Ce trésor ne cesse de s’enrichir grâce au travail de terrain de la vingtaine de chercheurs actifs au sein de l’institution, qui effectuent régulièrement des missions aux quatre coins de la planète pour en ramener des spécimens. Ils identifient entre cinquante et cent nouvelles espèces par an. Mais ils n’ont pas forcément besoin d’aller loin pour faire des découvertes: en 2019, deux espèces de punaises inconnues en Suisse jusque-là ont été trouvées au parc de Malagnou, au pied des murs du Muséum.

L’institution genevoise est la plus productive du pays en matière de systématique (classification scientifique des espèces vivantes). «Nous nous focalisons en particulier sur les invertébrés, qui sont le groupe le moins bien connu», confie Nadir Alvarez, responsable de l’unité recherche et collections.

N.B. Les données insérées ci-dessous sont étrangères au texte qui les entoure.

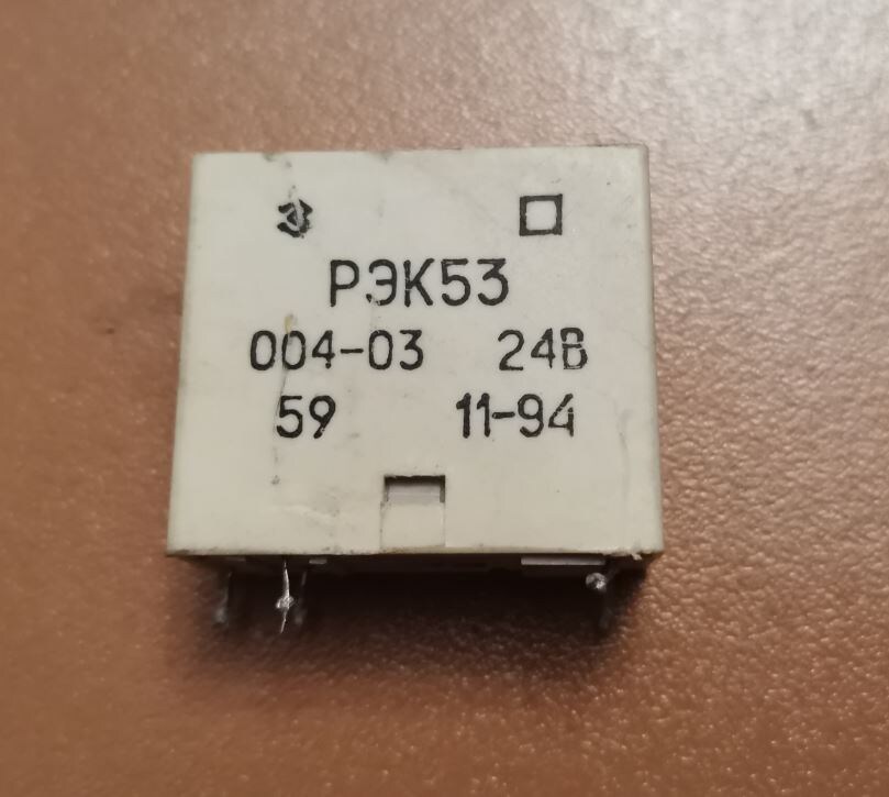 Электромагнитное реле, постоянного тока, низкочастотное, неполяризованное, одностабильное Технические характеристики реле РЭК 53 Основные размеры (длина, ширина, высота) — 29,5 * 13 * 26,2 (мм) Масса — 25 г Падение напряжения — 150 мВ Время срабатывания — 20 мс Количество и тип контактов — 2 на замыкание (2З) Номинальные режимы коммутации на одну контактную группу (100000 циклов) — 30 мА, 12 В; 1 А, 30 B = 0,8А, 245В~ Материал контактов: Ag Окружающая температура — °С -45 — +60 Вибронагрузки, Гц\ g — 20-80\5 Ударопрочность, g — 15 Ценные элементы в реле РЭК 53 Контакты техническое серебро 99% — 0,1 г Контакты легко отделяются механически или делается срезка. Металлы: Медь — 2,8 г Сталь — 3,5 г Содержание драгоценных металлов в реле РЭК 53 РВИМ.647.612.004.ТУ Золото : 0 Серебро : 0,1125 г Платина : 0 МПГ : 0

Le Muséum est notamment reconnu pour son expertise sur les chauves-souris, les parasites, l’archéozoologie ou encore la muséomique, l’étude de l’ADN d’un spécimen de collection. «Nous avons développé une technique permettant de récupérer les données sur un ADN fragmenté, ce qui était impossible jusqu’à récemment.» Voilà qui ouvre le champ des possibilités et donne un intérêt nouveau aux collections du Muséum.

Protéger le vivant

Grâce aux analyses ADN, les chercheurs genevois ont par exemple pu prouver dernièrement qu’une espèce de varan présente dans un archipel polynésien était bel et bien endémique et n’avait pas été importée par les colons comme on le pensait. «Du coup, ce varan est désormais protégé alors qu’avant, on cherchait à l’éradiquer», se félicite Nadir Alvarez.

À l’heure de la sixième extinction de masse, où des espèces s’éteignent à un rythme croissant, ce travail de recherche vise aussi à sauver ce qui peut encore l’être. L’équipe de Malagnou a ainsi été chargée par l’Office fédéral de l’environnement d’étudier la dynamique des populations d’insectes en Suisse afin de pouvoir quantifier leur déclin sur le long terme. «Notre mission est de décrire le vivant, résume Nadir Alvarez. On ne peut protéger que les espèces qui portent un nom.»